宗教なら、人によって向き不向き、好き嫌いはあろうが、ともかくそうした目的を担っている。

 相手の気を害さないように、タイミングを見て、唐突にシンプルにこう言ってみた。
「哲学をしてきて、いま何かいいことがあったと思う?」

彼はむろん頭脳明晰で、律儀、くそまじめ、といった性格だが、日常会話では天然ボケのようなところがある。本人はまっとうに対応しているつもりでも、どこかはぐらかすような答がかえってくるのだ。ぴんぼけのような、拍子抜けのようなことをよく言う。

 さて、どんな答がかえってくるのか?
 ボクは内心、この問いかけは簡単に見えて、じつはなかなかの難問であろうと自負みたいなものがあった。一般的な抽象論ならいくらでもフレーズは浮かぶだろうが、個人の日常的な具体的な苦悩に対して哲学はどんな具体的な処方箋を出すことができるのか。試してみたい気がした。

さすがの彼も困惑するに違いない。 
彼はいつもの緊張感の乏しい、ふにゃふにゃした表情で5秒ほど思案してからいつもより饒舌にすらすらと話し始めた。

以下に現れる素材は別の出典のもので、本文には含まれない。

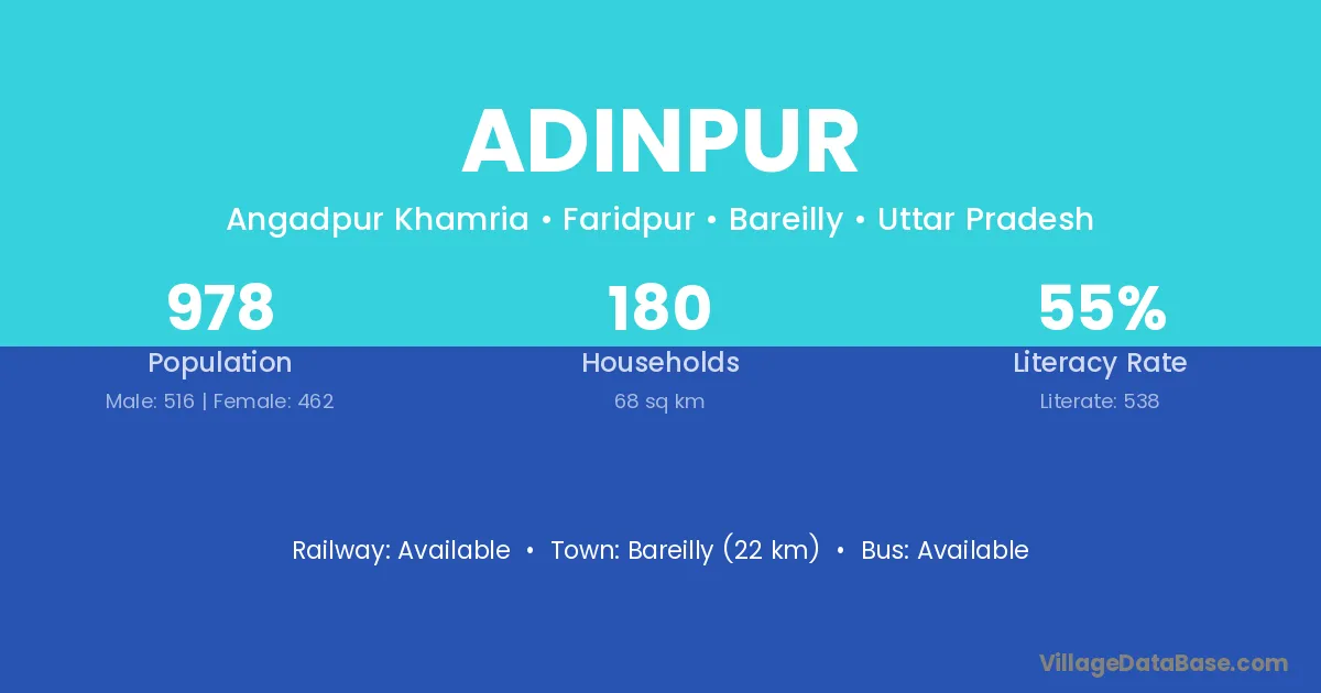 Bareilly (22 km) is the nearest town to Adinpur village for major economic activities and is located approximately 22 km away.

「あのね、哲学いうのは、考えて考えて考え抜くんです。考えたあげく答えがみつからなくても、考えたからもういい、それで仕事は終わったのだ、やるべきことはすませたのだ、と離れることができるんです。それが不自然でない。全力を尽くしたあとの満足感みたいなものがあるんです。答えがないという答えが出て、問題は解決したんです。」

  • ――答えがないという答えが出て、そのあとどうするのですか?

「どうもしないの。もうぽかーんとしておればいい、放っといていい、考えるだけ考えたのだからそれで許される、みたいなところがあるんです。悲しいことは悲しいままで放り出しておいていいのだ。自分の義務は終わったのだ、そういう心境になれるところが哲学をしてよかったとおもえることでしょうか」

ボクがどこまでこの言葉の真意を理解できたのか自信はないが、しかし、深いところで伝わってくるものがあった。

老いた元哲学教授を知っている。ふた言めにはソクラテスを口にし、哲学の知識をひけらかすが、日常の生活ぶりはソクラテスからおよそかけ離れて小心で裏表を使い分け、陰口を好み、肩書とお金にこだわる。哲学する人柄と知識はかくも乖離するものかと驚いた。哲学することとその人柄を同じように見ようとしたボクの甘さと無知を大いに反省したものだ。

クセのある個性的な哲学者で知られる中島義道さんは著書『哲学の教科書』の中で、「日本には哲学研究者や哲学評論家はあふれているが、哲学者は数えるほどしかいない」と書いている。オリジナルな考えがなく、過去の学説を紹介しているだけというのである。そして哲学者とは「時間や存在や自由や自我などについてのさまざまな理論でなく、全身をもってこうした事柄そのものと格闘しその戦記を血の言葉で語る人のことです。」といい、ニーチェハイデガーヴィトゲンシュタイン、西田幾太郎、田辺元らをあげている。

 彼Aもまた、いま全身で格闘しているのだ、とそのときボクは確信した。